● **WORK ORDER**
Below are the entries. Print only the lines starting at the one with "Karakuram Cooperative Bank" and ending at the one with "Liquid Core Dragon", exactly, with no pictures.

● **PROVIDED RECORDS**
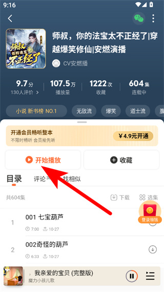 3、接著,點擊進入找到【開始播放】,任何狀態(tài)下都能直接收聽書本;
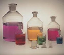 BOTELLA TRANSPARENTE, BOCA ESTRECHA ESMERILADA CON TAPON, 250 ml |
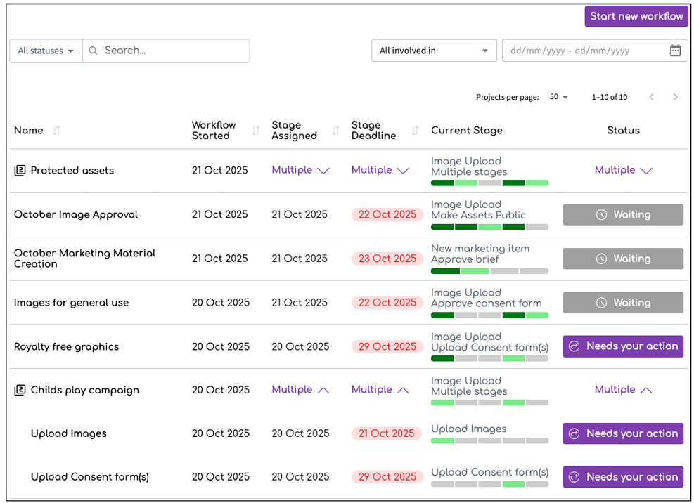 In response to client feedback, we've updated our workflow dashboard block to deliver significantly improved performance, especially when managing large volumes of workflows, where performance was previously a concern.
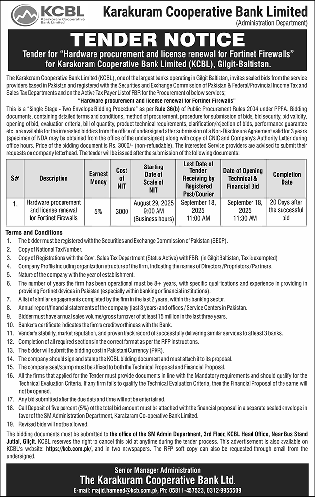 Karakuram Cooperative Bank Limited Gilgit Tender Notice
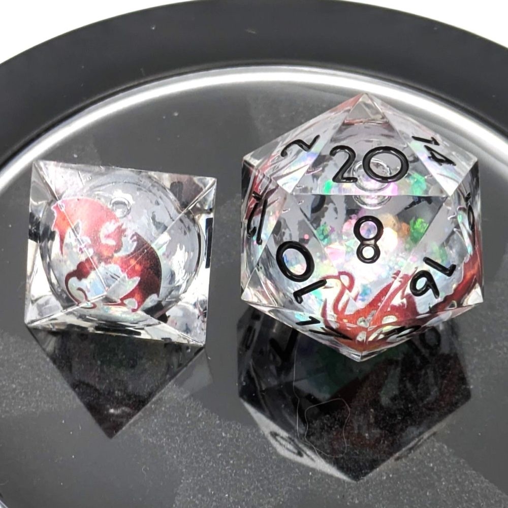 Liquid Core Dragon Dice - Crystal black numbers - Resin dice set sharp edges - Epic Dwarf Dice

==

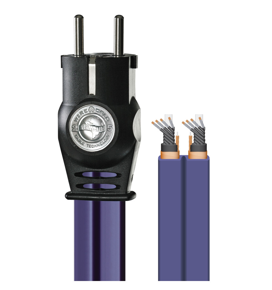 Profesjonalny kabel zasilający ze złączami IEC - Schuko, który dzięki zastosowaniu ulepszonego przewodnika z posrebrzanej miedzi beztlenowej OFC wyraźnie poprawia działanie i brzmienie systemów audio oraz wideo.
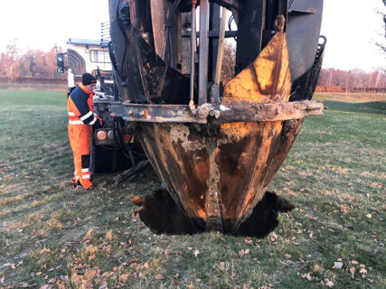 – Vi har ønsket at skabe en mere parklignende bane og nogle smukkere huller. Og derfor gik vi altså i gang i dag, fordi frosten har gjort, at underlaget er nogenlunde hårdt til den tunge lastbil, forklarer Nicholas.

● **ANSWER BELOW**
 Karakuram Cooperative Bank Limited Gilgit Tender Notice
 Liquid Core Dragon Dice - Crystal black numbers - Resin dice set sharp edges - Epic Dwarf Dice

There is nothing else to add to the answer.